A technique with overall good practical performance, Thompson sampling, has been extended to effectively tackle this setting. This contribution is novel for several reasons:
\begin{itemize}
    \item A proper Bayesian (albeit approximated) treatment of the present data generation process was lacking in the literature, meaning one had to resort to ad hoc sampling methods, like OTFLinTS by \citet{vernade:linear} which, as mentioned in section~\ref{sec:delayresults}, performed worse in all the experiments, or to sacrifice having a posterior on delays in order to have a closed form posterior on conversion probabilities, as \citet{wang:experimentation}.
    \item The present setting is significantly different from the simpler ones in which BTS is commonly applied (in particular, Bernoulli bandits): this has required combining BTS with an EM model, something which, to the best of our knowledge, is novel. In fact, EM effectively performs MLE without the need for a closed form for the likelihood.
    \item Although the algorithm admits both parametric and non-parametric estimators, we chose to use the latter, in order to have a model of delays flexible enough to accommodate heavy-tailed distributions. Even if it is a classic technique, the Kaplan-Meier estimator was never applied in the present setting, presumably due to the difficulty of using it in the Bayesian domain.  This model can be used in conjunction with commonly available Machine Learning libraries.
    \item The resulting algorithm was applied to linear contextual bandits with partially observable rewards for the first time.
\end{itemize}

The proposed approach was compared to a state-of-the-art algorithm on a manifold of families of delay distributions, letting the parameters that characterise these distributions vary. These distributions cover a wide range of scenarios: some are bounded (even deterministic), while others have infinite expectation and even include $+\infty$ among possible realised values. The proposed approach performs significantly better than the competitor in the vast majority of tested environments, and comparably in the remaining minority. Moreover, the competing algorithm requires some tuning of an hyperparameter, whose best value is affected by the distribution of delays (which is, however, unknown to the agent): on the other hand, the proposed approach was tested with the same configuration on all distributions, without any tuning. Ultimately, even if the building blocks of the present algorithm are well known, the proposed method demonstrated superior performance with respect to previous, more “exotic” methods. In this regard, we are close in spirit to the work by \citet{wu:ts}, which shows that vanilla Thompson sampling shows better performance in dealing with delayed feedback than many techniques that were explicitly developed for that setting.

\subsection{Limitations}
While reaching significantly lower regret than the state of the art in most studied settings, its execution is admittedly slower, as the EM algorithm requires fitting two MLEs for several iterations before reaching convergence. Depending on the application, this may or may not constitute a problem. Nevertheless, it would be interesting to study an incremental variant of the proposed algorithm, adapting the \emph{Ensemble sampling} technique of \citet{lu:ensemble}.

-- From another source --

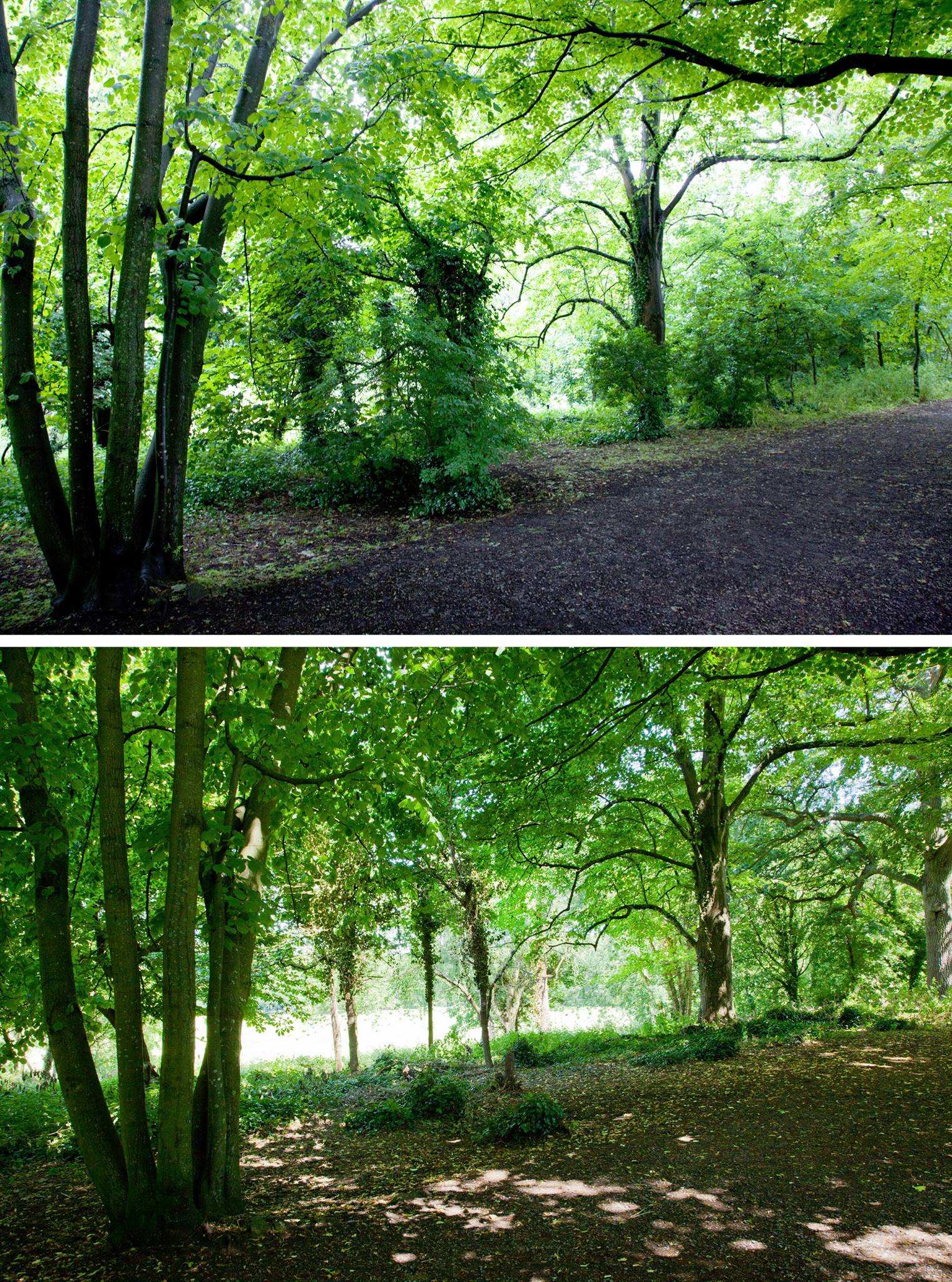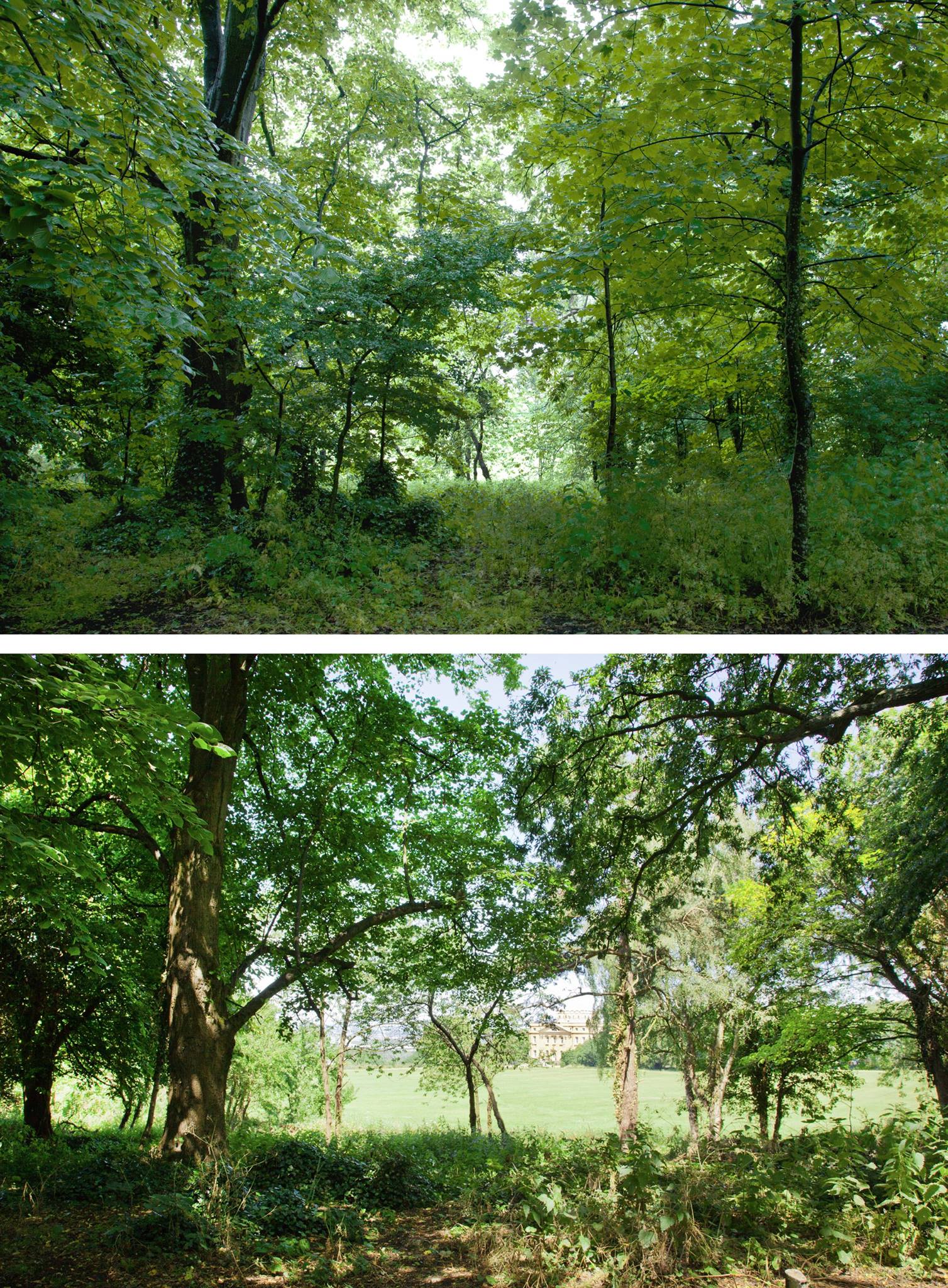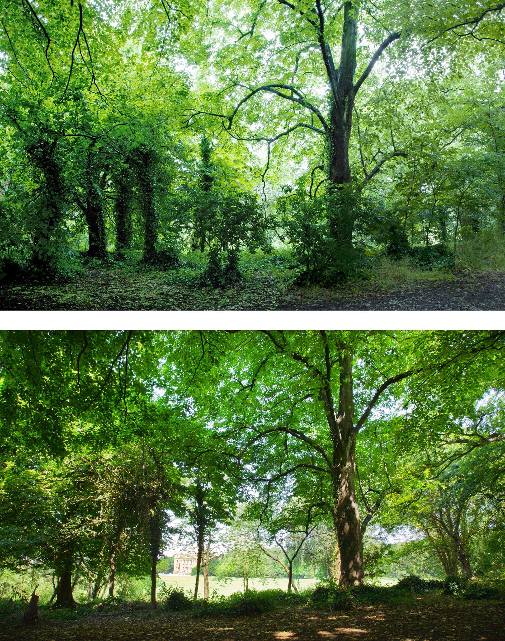 In June 2015 we continued work along the South Walk as part of our Lifting the Curtain project. The trees are denser here, and there is a deeper boundary between the path and the open meadow around Kings Weston house. Results have been impressive, but the views of the house less frequent. Never-the-less there have been additional benefits in having opened up views of some of the historic parkland trees that had been obscured by undergrowth, and now stand a better chance of thriving against more youthful competition! Click on the gallery images below the main images to see more.

Moreover, the model was tested assuming that delays are independent of the context/arm. Note, however, that the derivation of the model itself makes no restricting assumption on the dependence of delays on context: it is only when specialising it to the Kaplan-Meier estimator that this choice is made. As seen above, besides delay-context dependence, the model can be easily generalised to tackle non-contextual bandits and contextual non-linear bandits.

The agnostic aspect of the Kaplan-Meier estimator was leveraged to accommodate delay distributions that are very different among each other. However, this expressiveness could prove detrimental for performance if the experimenter can place strong assumptions on the delay distribution. In these cases, using the given model with a parametric family of distributions could prove more rewarding. Again, due to the general nature of the EM model, this should entail no additional effort.

Finally, this approach makes heavy use of the times between action and observed reward. If these times are not available, this approach would require significant modifications.

\subsection{Future directions}
Besides the extensions mentioned in the previous section, some promising avenues of research emerged, which will be addressed in future work. The first stream regards non-stationarity of the distribution of rewards. Non-stationarity can be retroactively taken into account using a sliding window, beyond which old data points are discarded. However, in the presence of delays, this would effectively induce censoring on delays that exceed the window size, and as seen in simulations censoring can be detrimental for performances, if the window size is too small. This suggests several compelling streams of research. One is adapting, to this partially observable setting, the techniques introduced by \citet{vernade:intermediate} and \citet{mcdonald:longterm}, that account for the multiple touch points in the marketing funnel. Another is studying whether the approach of \citet{wu:plts}, which takes into account a non-stationary baseline hazard, can be extended to the present setting. Moreover, as noted also by \citet{vernade:intermediate}, it would be worth exploring non-stationary bandit techniques besides the sliding window, like an adaptive window size that takes into account how fast the environment changes.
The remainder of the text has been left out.